Work to be completed: A word-for-word retyping of the listing below is required, with the pictures dropped.

Available data:
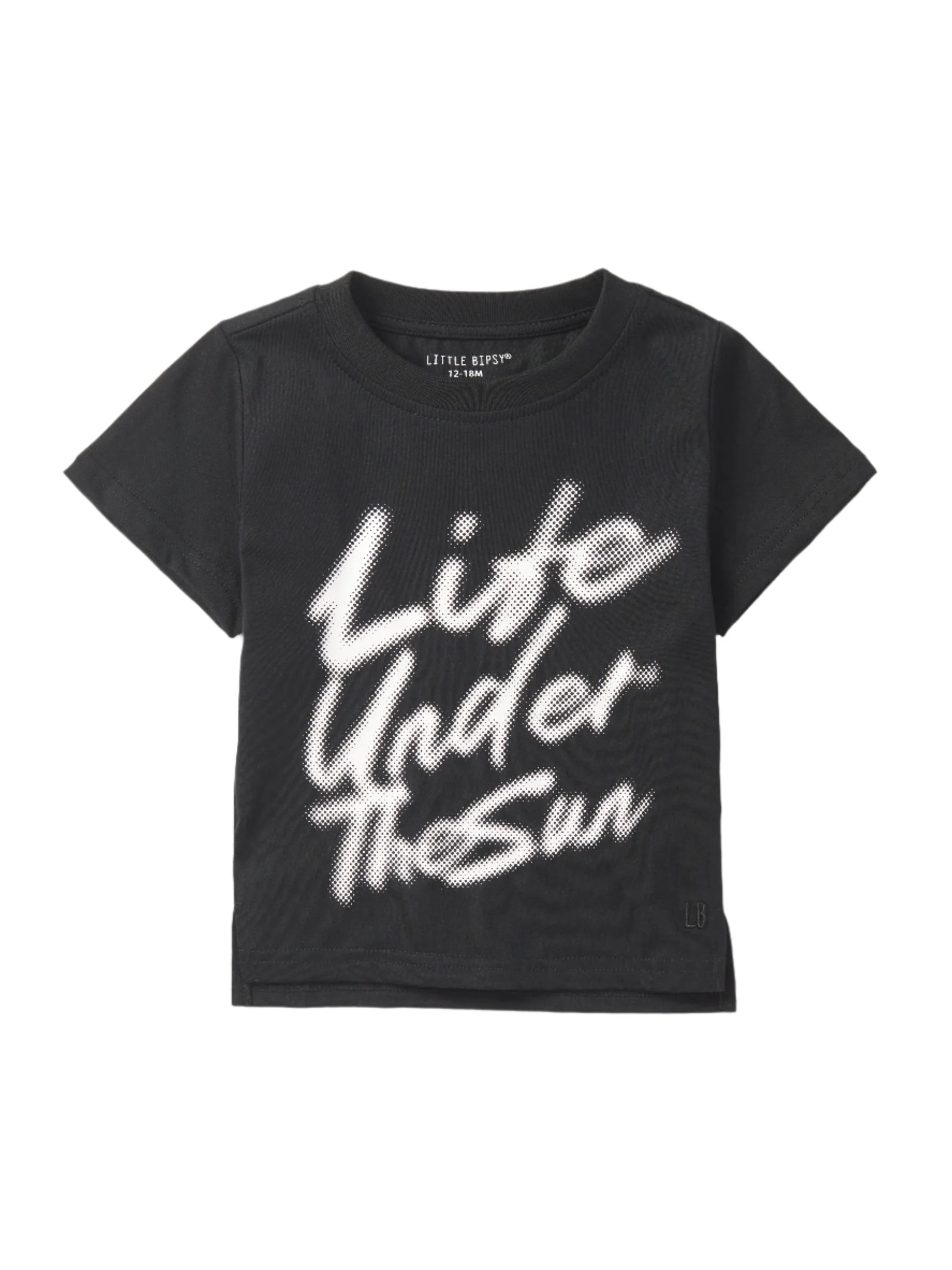 Little Bipsy's "Life Under the Sun" tee inspired by the classic technique of halftoning used in screen printing. In bold Black, this tee features a slight high/low bottom hem and side slits, creating a relaxed, easygoing fit perfect for all-day wear. With its simple yet meaningful “Life Under the Sun” graphic, this tee is a must-have for any child who loves to embrace carefree, sun-filled days with effortless style.
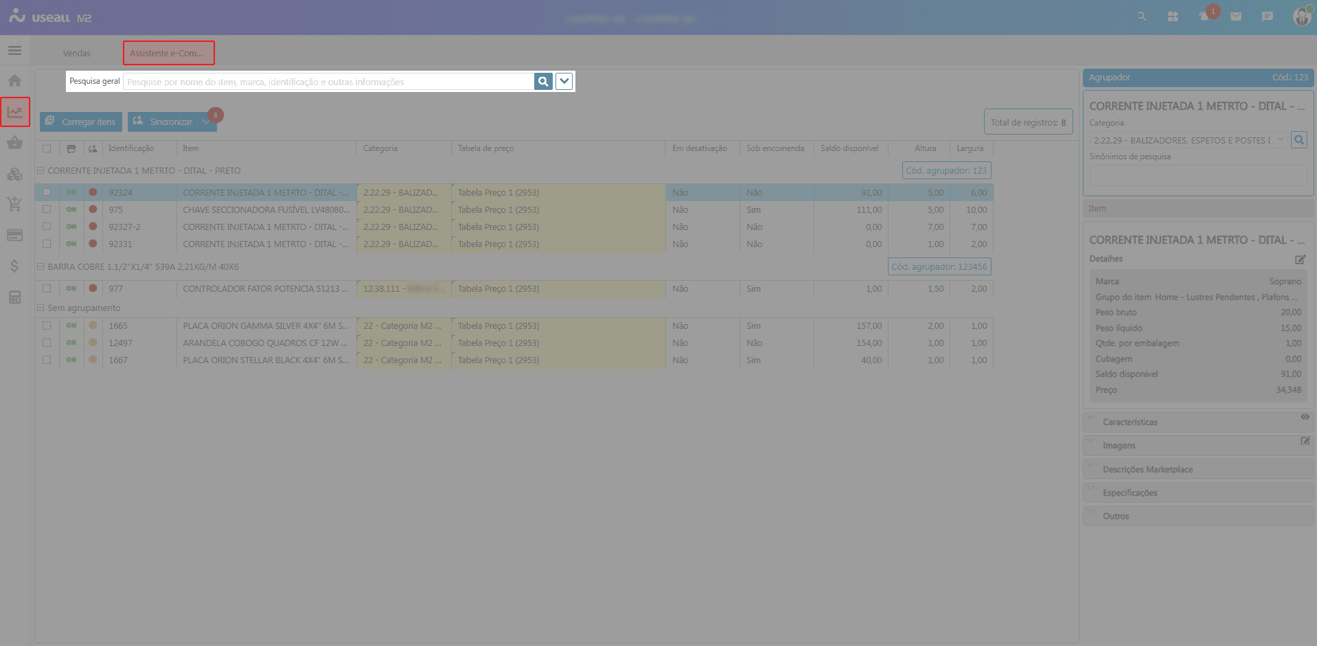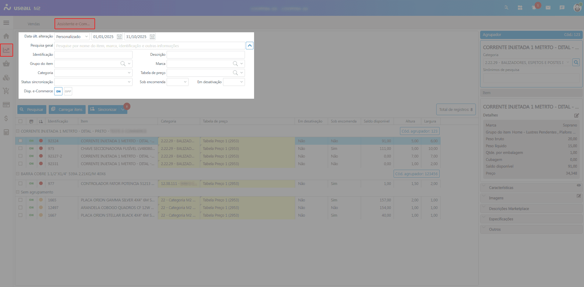 Ao acessar a funcionalidade Assistente de e-Commerce são exibidos os filtros e botão pesquisar, botão carregar itens, botão sincronizar, grid de informações e o aba lateral direita.
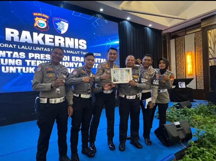 Piagam penghargaan tersebut diserahkan Direktur Lalu Lintas Polda Maluku Utara, Kombes Pol Doni Hermawan Kasat Lantas Polres Kepulauan Sula, Ipda A.R Taufiq Habsi dalam acara Rakernis Direktorat Lalu Lintas Polda Maluku Utara, Selasa (21/10/2025).

Solution to the problem:
 Little Bipsy's "Life Under the Sun" tee inspired by the classic technique of halftoning used in screen printing. In bold Black, this tee features a slight high/low bottom hem and side slits, creating a relaxed, easygoing fit perfect for all-day wear. With its simple yet meaningful “Life Under the Sun” graphic, this tee is a must-have for any child who loves to embrace carefree, sun-filled days with effortless style.
 Ao acessar a funcionalidade Assistente de e-Commerce são exibidos os filtros e botão pesquisar, botão carregar itens, botão sincronizar, grid de informações e o aba lateral direita.
 Piagam penghargaan tersebut diserahkan Direktur Lalu Lintas Polda Maluku Utara, Kombes Pol Doni Hermawan Kasat Lantas Polres Kepulauan Sula, Ipda A.R Taufiq Habsi dalam acara Rakernis Direktorat Lalu Lintas Polda Maluku Utara, Selasa (21/10/2025).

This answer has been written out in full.